Multidisciplinary Strategies to Prevent and Combat Brain Diseases-Moscow

By Wolfgang Grisold

An international conference, focusing on “multidisciplinary strategies to prevent and combat brain diseases,” took place in Moscow on November 27-28, 2019, and followed the concept of integration and multidisciplinarity. The organization was smoothly run by Prof. Alla Guekht and her team and linked neurology to neurosurgery, internal medicine, and psychiatry. The meeting was held in the Buyanov’s city hospital, and needless to say was equipped with all facilities, including press briefings before the meeting.

Wolfgang Grisold

The opening ceremony gave greetings from the Russian health care minister, Veronica Skvortsova, the Moscow head of the health care department, Alexey Khripun, the president of the All-Russian Society of Neurologists, Y.I. Gusev, and from the leading international neurological organizations — WFN, EAN, and ELAE. A short presentation about the WFN activities in regard to education, global networks, and cooperation with the WHO was made.

Dr.

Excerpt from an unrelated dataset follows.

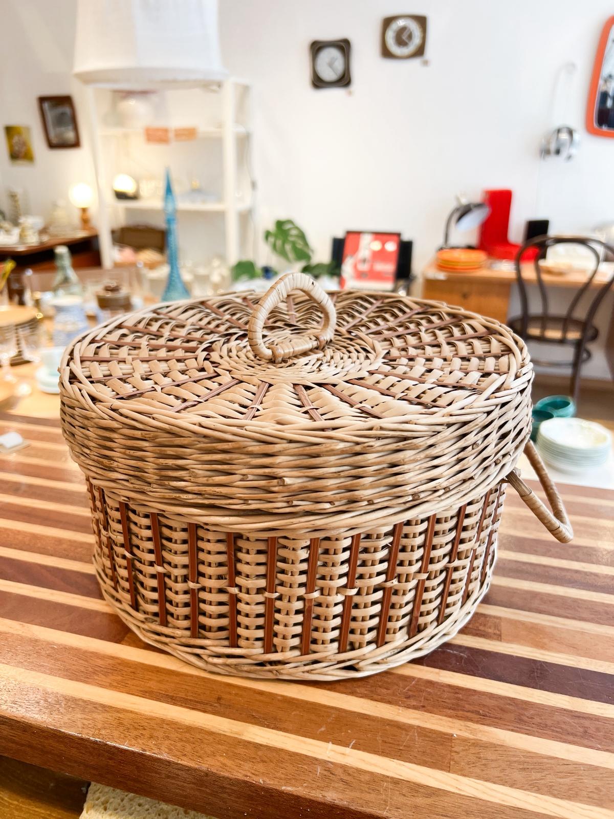 Charmante boîte de rangement vintage en osier – Très bon état. Diamètre : 26 cm ; Hauteur : 14 cm
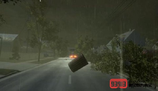 為了讓體驗變得更加真實、生動,體驗過臺風(fēng)內(nèi)容的人會發(fā)現(xiàn)一個有趣的小細(xì)節(jié),在超強(qiáng)臺風(fēng)的作用下,原本干凈整齊的街道上,樹木被連根拔起,低矮的屋頂被掀走,突然間,一個原本不起眼的垃圾桶以極快的速度向體驗者沖過來,大大加深了體驗者對超強(qiáng)臺風(fēng)破壞力的認(rèn)知。

J. Breda, as the chair of the European regional NCD bureau of WHO, gave an initial presentation on the work of the WHO, primary care, and also aspects of environment and nutrition, which are eminently important for many non-communicable diseases (NCDs). This talk and statements are important for the mutual understanding of the specialization of neurology and the activities of the WFN. This was followed by a talk focusing on the historic role of Russian neurology. The impressive figure of the beginning of the 20th century, Bekhterev, was discussed, including his longing for innovation and his successful achievements in neurology, psychiatry, and health care organization and education.

Opening ceremony
From left to right: Prof. M .Hilz (Germany), Prof. D. Muresanu (Romania), V.N. Buzin (Ministry of Health of the Russian Federation), Prof. A.B.Guekht (Russia), Dr. J.Breda (Portugal), Prof. W. Grisold (Austria), Prof. N.A. Shamalov (Russia), Dr. A.V.Salikov (Russia).

During the first day of the conference, several other topics, such as stroke, rehabilitation, the autonomic nervous system, and neurooncology, were presented. Although these topics have defined contents being discussed at many occasions, the keynote speakers were able to pick out exciting developments and add valuable information.

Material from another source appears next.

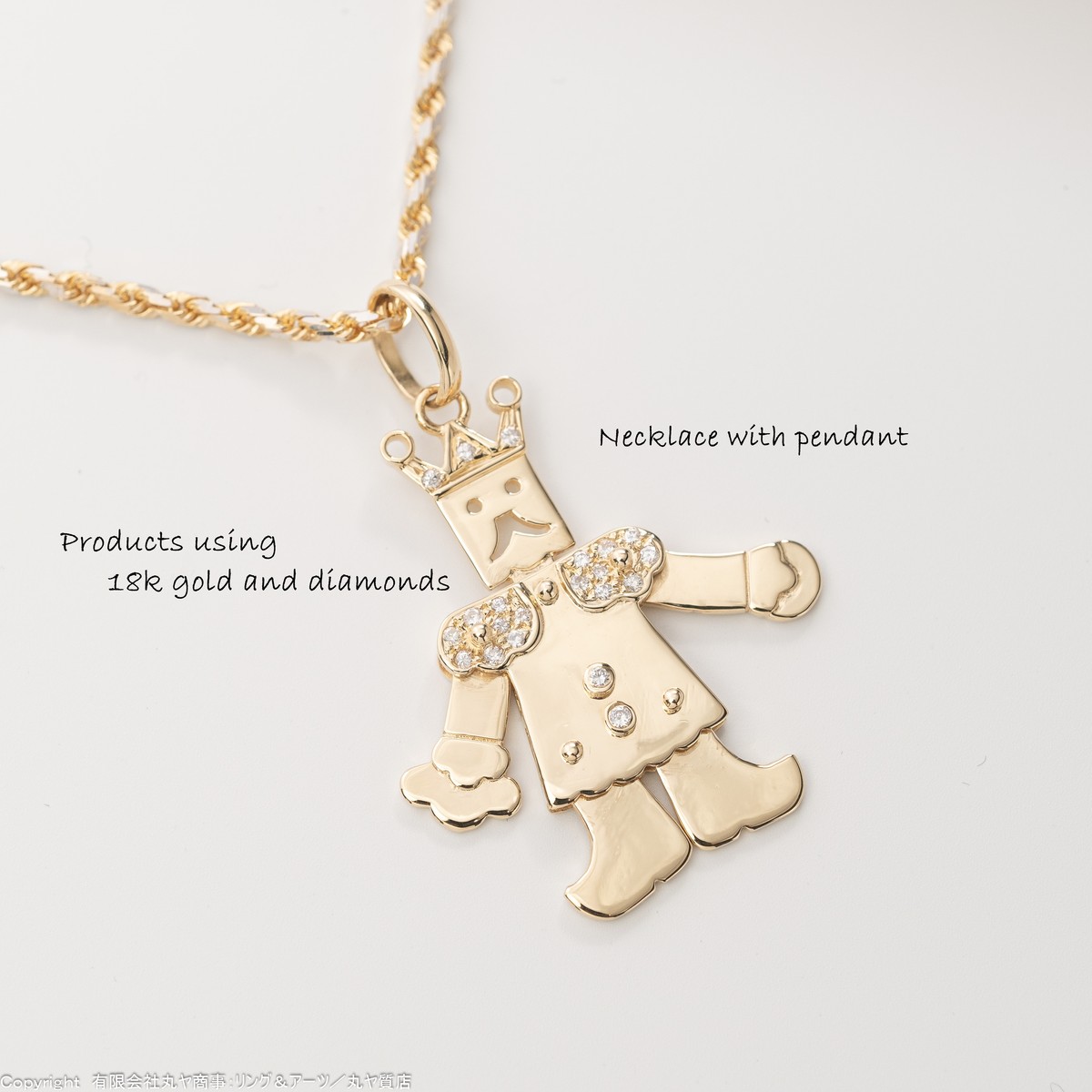 K18枠ダイアモンド入り可動式人型モチーフペンダントトップ付きネックレス/Necklace with pendant Products using 18k gold and diamonds

J. Breda, the head of the European Office for the Prevention and Control of Noncommunicable Diseases (NCDs) in Moscow.

The second day entered the often-neglected chapter of neuropsychiatry, which reemerges in international fields and undergoes a metamorphosis from conversion into functional disorders. This lecture by Prof. W. Curt LaFrance Jr. (U.S.) made two important points: functional disorders exist and may be more frequent than we admit, and several concepts of explanation and treatment were available. Another message was that a society for functional disorders has been recently established.

A complex of lectures discussed epilepsy and seizures. Epidemiology and the complex meaning of incidence and prevalence were beautifully and carefully explained by Prof. W. Allen Hauser (U.S.), who shared his insights into this important basis of his work and considerations. Several other lectures addressed epilepsy and seizures, and were supported by excellent videos of patients, EEG recordings, and imaging.

Prof. Hilz and Prof. Mkrtchan discussing the study on autonomic dysfunction in epilepsy.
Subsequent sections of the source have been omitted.